Records for the exercise:
--- --- ---
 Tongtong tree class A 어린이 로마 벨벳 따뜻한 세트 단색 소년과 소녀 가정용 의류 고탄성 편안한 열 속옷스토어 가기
--- --- ---
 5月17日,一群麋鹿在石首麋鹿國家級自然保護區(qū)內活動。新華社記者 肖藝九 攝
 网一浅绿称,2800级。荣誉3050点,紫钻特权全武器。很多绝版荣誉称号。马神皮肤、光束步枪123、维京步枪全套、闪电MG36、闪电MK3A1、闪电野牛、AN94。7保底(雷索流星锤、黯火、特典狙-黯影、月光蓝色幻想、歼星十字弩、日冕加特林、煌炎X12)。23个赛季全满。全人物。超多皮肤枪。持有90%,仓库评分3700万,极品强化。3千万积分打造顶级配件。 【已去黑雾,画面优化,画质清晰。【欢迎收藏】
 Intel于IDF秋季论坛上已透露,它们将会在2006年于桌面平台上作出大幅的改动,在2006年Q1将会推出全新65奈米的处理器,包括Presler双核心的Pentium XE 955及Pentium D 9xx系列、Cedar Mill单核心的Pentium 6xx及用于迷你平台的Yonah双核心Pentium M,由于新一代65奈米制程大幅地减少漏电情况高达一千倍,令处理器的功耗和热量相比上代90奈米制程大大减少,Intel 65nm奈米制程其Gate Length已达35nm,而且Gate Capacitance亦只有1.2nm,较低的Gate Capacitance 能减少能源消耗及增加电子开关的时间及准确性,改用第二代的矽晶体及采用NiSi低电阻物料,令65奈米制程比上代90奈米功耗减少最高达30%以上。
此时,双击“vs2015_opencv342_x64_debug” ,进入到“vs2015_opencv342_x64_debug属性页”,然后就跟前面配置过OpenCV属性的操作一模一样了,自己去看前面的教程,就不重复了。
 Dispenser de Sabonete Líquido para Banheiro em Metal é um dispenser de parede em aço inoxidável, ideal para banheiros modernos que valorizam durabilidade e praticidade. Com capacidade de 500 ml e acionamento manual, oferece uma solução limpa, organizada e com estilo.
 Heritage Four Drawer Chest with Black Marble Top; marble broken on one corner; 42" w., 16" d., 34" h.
--- --- ---
What is expected:
Reproduce word for word the material above, beginning with the line that contains "网一浅绿称,2800级。荣誉" and ending with the line that contains "Heritage Four Drawer".

Solution for this task:
 网一浅绿称,2800级。荣誉3050点,紫钻特权全武器。很多绝版荣誉称号。马神皮肤、光束步枪123、维京步枪全套、闪电MG36、闪电MK3A1、闪电野牛、AN94。7保底(雷索流星锤、黯火、特典狙-黯影、月光蓝色幻想、歼星十字弩、日冕加特林、煌炎X12)。23个赛季全满。全人物。超多皮肤枪。持有90%,仓库评分3700万,极品强化。3千万积分打造顶级配件。 【已去黑雾,画面优化,画质清晰。【欢迎收藏】
 Intel于IDF秋季论坛上已透露,它们将会在2006年于桌面平台上作出大幅的改动,在2006年Q1将会推出全新65奈米的处理器,包括Presler双核心的Pentium XE 955及Pentium D 9xx系列、Cedar Mill单核心的Pentium 6xx及用于迷你平台的Yonah双核心Pentium M,由于新一代65奈米制程大幅地减少漏电情况高达一千倍,令处理器的功耗和热量相比上代90奈米制程大大减少,Intel 65nm奈米制程其Gate Length已达35nm,而且Gate Capacitance亦只有1.2nm,较低的Gate Capacitance 能减少能源消耗及增加电子开关的时间及准确性,改用第二代的矽晶体及采用NiSi低电阻物料,令65奈米制程比上代90奈米功耗减少最高达30%以上。
此时,双击“vs2015_opencv342_x64_debug” ,进入到“vs2015_opencv342_x64_debug属性页”,然后就跟前面配置过OpenCV属性的操作一模一样了,自己去看前面的教程,就不重复了。
 Dispenser de Sabonete Líquido para Banheiro em Metal é um dispenser de parede em aço inoxidável, ideal para banheiros modernos que valorizam durabilidade e praticidade. Com capacidade de 500 ml e acionamento manual, oferece uma solução limpa, organizada e com estilo.
 Heritage Four Drawer Chest with Black Marble Top; marble broken on one corner; 42" w., 16" d., 34" h.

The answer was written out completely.